A library to load the MNIST image data.  For details of the data
structures that are returned, see the doc strings for ``load_data``
and ``load_data_wrapper``.  In practice, ``load_data_wrapper`` is the
function usually called by our neural network code.
"""

#### Libraries
# Standard library
import cPickle
import gzip

# Third-party libraries
import numpy as np

def load_data():
    """Return the MNIST data as a tuple containing the training data,
    the validation data, and the test data.

    The ``training_data`` is returned as a tuple with two entries.
    The first entry contains the actual training images.  This is a
    numpy ndarray with 50,000 entries.  Each entry is, in turn, a
    numpy ndarray with 784 values, representing the 28 * 28 = 784
    pixels in a single MNIST image.

    The second entry in the ``training_data`` tuple is a numpy ndarray
    containing 50,000 entries.  Those entries are just the digit
    values (0...9) for the corresponding images contained in the first
    entry of the tuple.

    The ``validation_data`` and ``test_data`` are similar, except
    each contains only 10,000 images.

    This is a nice data format, but for use in neural networks it's
    helpful to modify the format of the ``training_data`` a little.
    That's done in the wrapper function ``load_data_wrapper()``, see
    below.
    """
    f = gzip.open('../data/mnist.pkl.gz', 'rb')
    training_data, validation_data, test_data = cPickle.load(f)
    f.close()
    return (training_data, validation_data, test_data)

def load_data_wrapper():
    """Return a tuple containing ``(training_data, validation_data,
    test_data)``. Based on ``load_data``, but the format is more
    convenient for use in our implementation of neural networks.

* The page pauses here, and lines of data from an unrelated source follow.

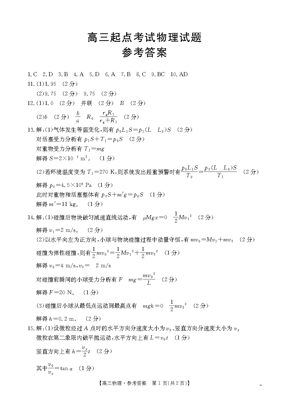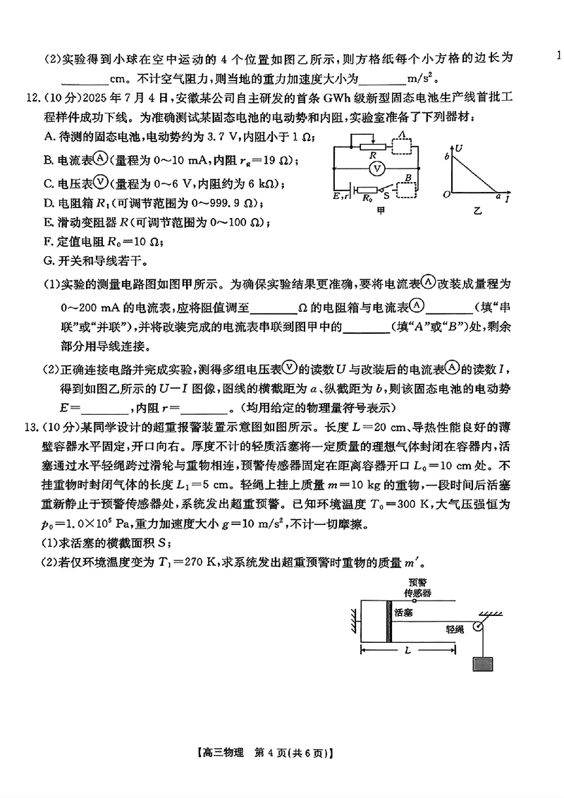 皖西南高中振兴发展联盟2026届高三起点考物理试题及答案
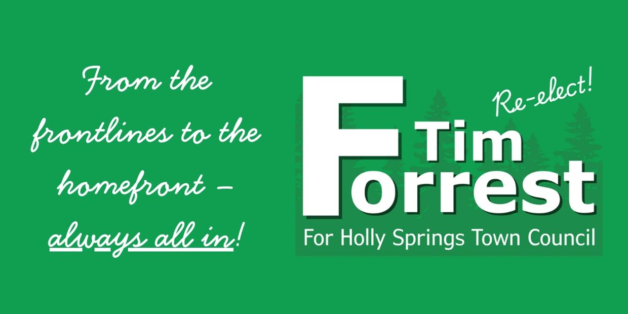 Tim Forrest is a retired U.S. Army Colonel and current Town Councilmember in Holly Springs, North Carolina. With over 30 years of leadership in military operations, strategic planning, and public service, he brings deep experience and critical skills to local government. Since being elected in 2021, Councilmember Forrest has championed infrastructure upgrades, downtown revitalization, greenway expansion, and public safety improvements, as well as helping pass a $100 million park bond and attracted billions of dollars in biotech investment and hundreds of jobs to the region.
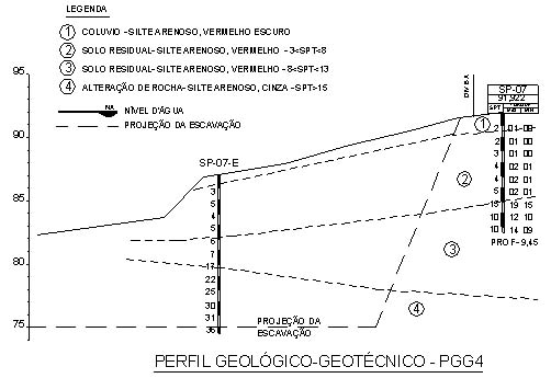 Para desenvolvimento do projeto foram efetuadas investigações geotécnicas com execução de sondagens a percussão para definição das camadas representativas do subsolo, como pode ser observado em um dos perfis geológico-geotécnicos dos trechos típicos do talude apresentado a seguir.
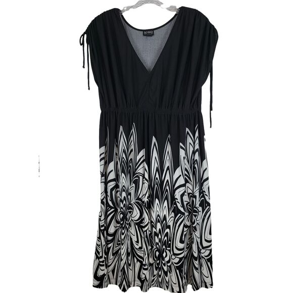Soho Women's Waist Defined Dress V-Neck Tie Shoulder Black & White Floral Size 16
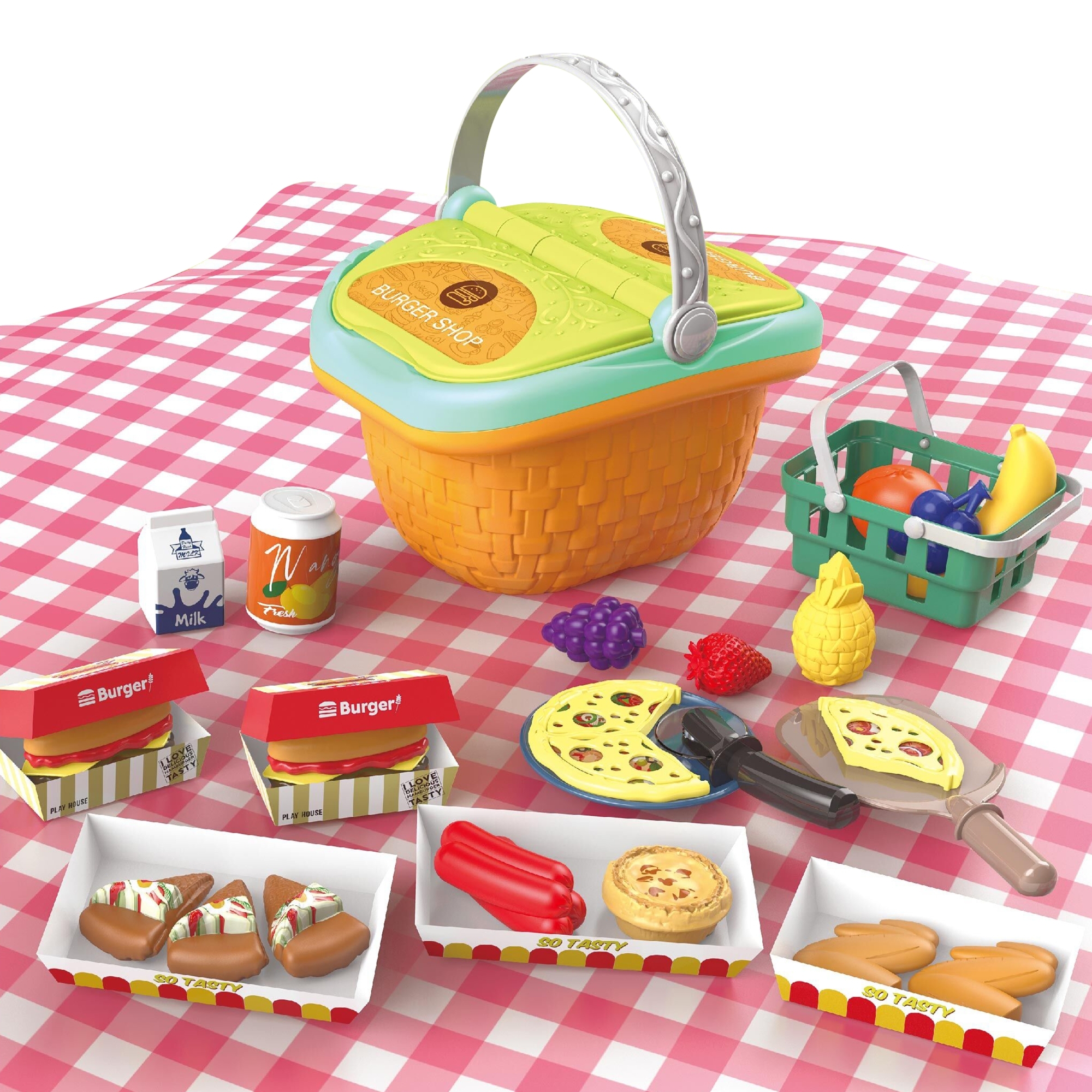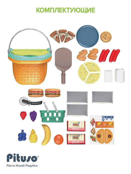 Комплектность: Корзина-1 шт.,тарелка - 1 шт, лопатка-1 шт., нож (имитация)-1 шт., продукты и напитки-28шт.
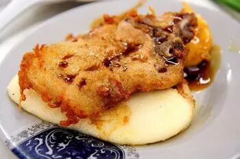 ◆ 蟹壳黄,上海知名汉族小吃,属本帮菜。因其形圆色黄似蟹壳而得名。蟹壳黄是用油酥加酵面作坯,先制成扁圆形小饼,外沾一层芝麻,贴在烘炉壁上烘烤而成。此饼味美咸甜适口,皮酥香脆。有人写诗赞它“未见饼家先闻香,入口酥皮纷纷下”。蟹壳黄的馅心有咸、甜两种。咸味的有葱油、鲜肉、蟹粉、虾仁等,甜的有白糖、玫瑰、豆沙、枣泥等品种。蟹壳黄小吃店主要集中在枫泾古镇和朱家角镇。
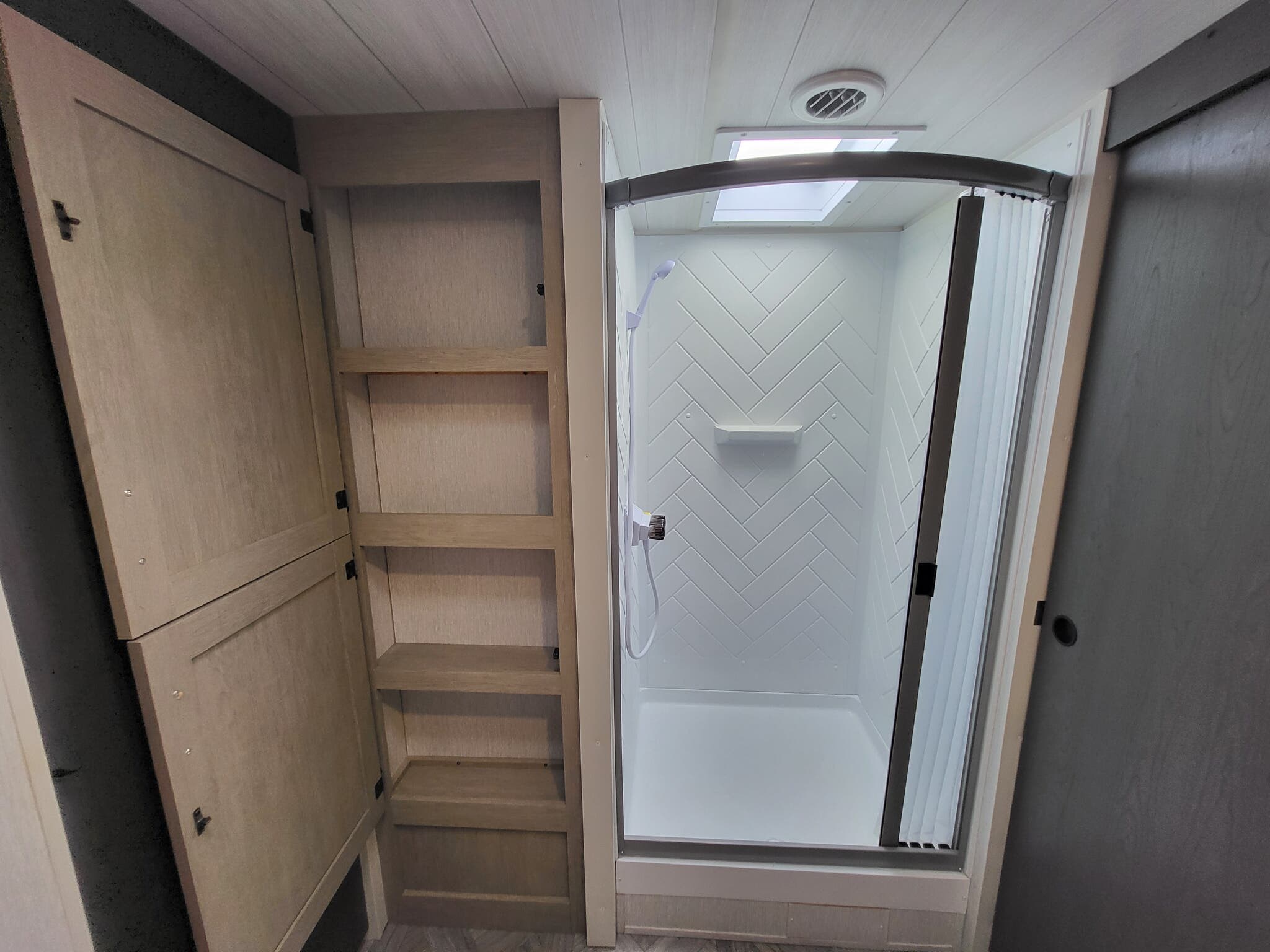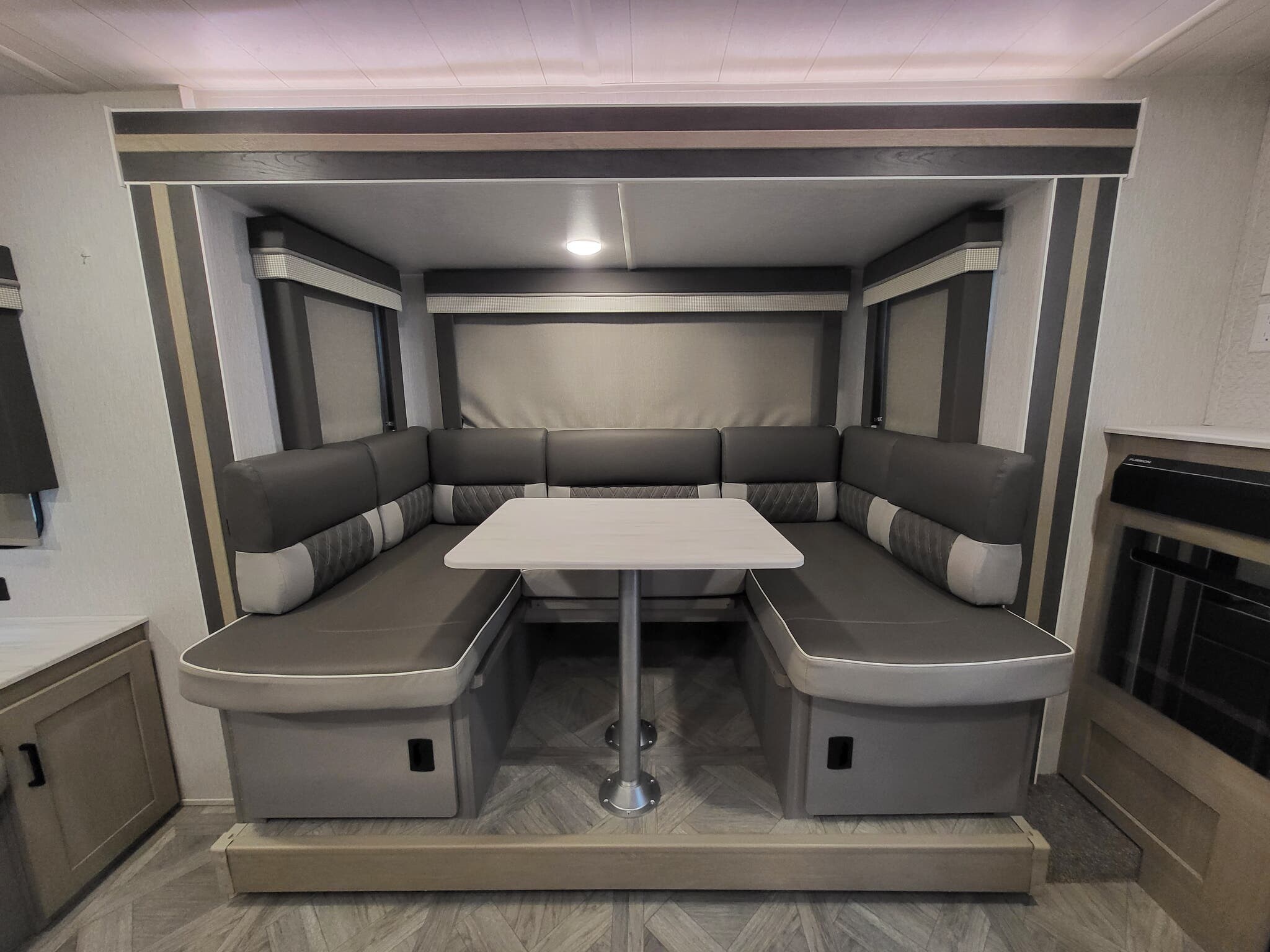 Fireplace, King Size Bed, Medicine Cabinet, Roof Vents, Shower, Toilet, U-Shaped Dinette
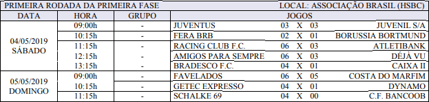 A próxima rodada está marcada para os dias 11, 18 e 19 de maio, quando as equipes Schalke 69 x Juventus; Getec Expresso x Favelados; Fera Brb x Amigos Para Sempre; Racing Club F.C. x Bradesco F.C.; Caixa II x Atletibank; Juvenil S/A x C.F. Bancoob; Déjà Vu x Borussia Bortmund; Costa Do Marfim x Dynamo se enfrentam em campo, respectivamente.

    In particular, ``training_data`` is a list containing 50,000
    2-tuples ``(x, y)``.  ``x`` is a 784-dimensional numpy.ndarray
    containing the input image.  ``y`` is a 10-dimensional
    numpy.ndarray representing the unit vector corresponding to the
    correct digit for ``x``.

    ``validation_data`` and ``test_data`` are lists containing 10,000
    2-tuples ``(x, y)``.  In each case, ``x`` is a 784-dimensional
    numpy.ndarry containing the input image, and ``y`` is the
    corresponding classification, i.e., the digit values (integers)
    corresponding to ``x``.

    Obviously, this means we're using slightly different formats for
    the training data and the validation / test data.  These formats
    turn out to be the most convenient for use in our neural network
    code."""
    tr_d, va_d, te_d = load_data()
    training_inputs = [np.reshape(x, (784, 1)) for x in tr_d[0]]
    training_results = [vectorized_result(y) for y in tr_d[1]]
    training_data = zip(training_inputs, training_results)
    validation_inputs = [np.reshape(x, (784, 1)) for x in va_d[0]]
    validation_data = zip(validation_inputs, va_d[1])
    test_inputs = [np.reshape(x, (784, 1)) for x in te_d[0]]
    test_data = zip(test_inputs, te_d[1])
    return (training_data, validation_data, test_data)

def vectorized_result(j):
    """Return a 10-dimensional unit vector with a 1.0 in the jth
    position and zeroes elsewhere.  This is used to convert a digit
    (0...9) into a corresponding desired output from the neural
    network."""
    e = np.zeros((10, 1))
    e[j] = 1.0
    return e

def load_data_wrapper2():
    """Return a tuple containing ``(training_data, validation_data,
    test_data)``. Based on ``load_data``, but the format is more
    convenient for use in our implementation of neural networks.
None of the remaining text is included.